▸ EXERCISE GOAL
Repeat, exactly and in full, the lines of the listing below, but without any pictures.

▸ INFORMATION PROVIDED
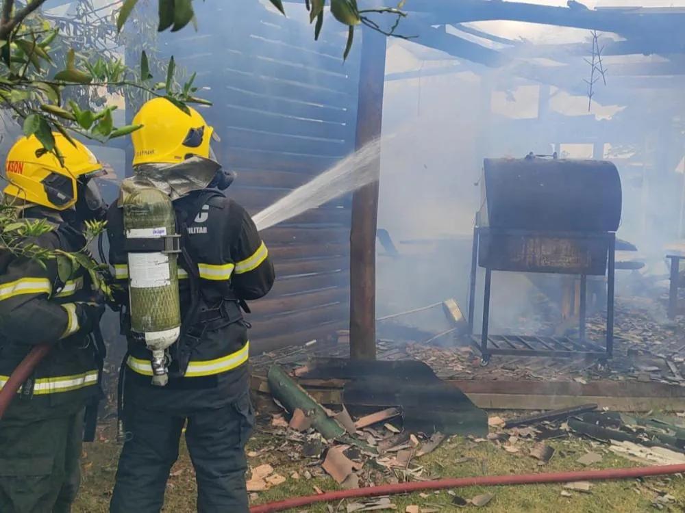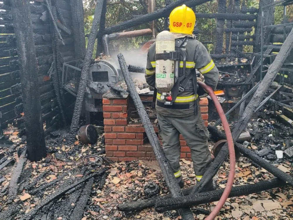 O incêndio destruiu completamente a casa, que possuía cerca de 65m². De acordo com as pessoas que estavam no local, o fogo começou em um forno, que estava sendo utilizado no momento.
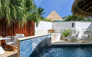 Ces suites spectaculaires disposent d'un grand patio privé avec baignoire circulaire Tranquility pour deux personnes et d'un accès direct et sans obstacle à une piscine Crystal Lagoon.
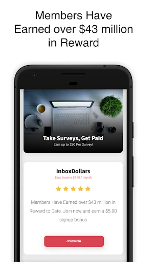 Join Opinion Rewards Club and earn $5 when you complete your first survey.

▸ PROBLEM SOLUTION
 O incêndio destruiu completamente a casa, que possuía cerca de 65m². De acordo com as pessoas que estavam no local, o fogo começou em um forno, que estava sendo utilizado no momento.
 Ces suites spectaculaires disposent d'un grand patio privé avec baignoire circulaire Tranquility pour deux personnes et d'un accès direct et sans obstacle à une piscine Crystal Lagoon.
 Join Opinion Rewards Club and earn $5 when you complete your first survey.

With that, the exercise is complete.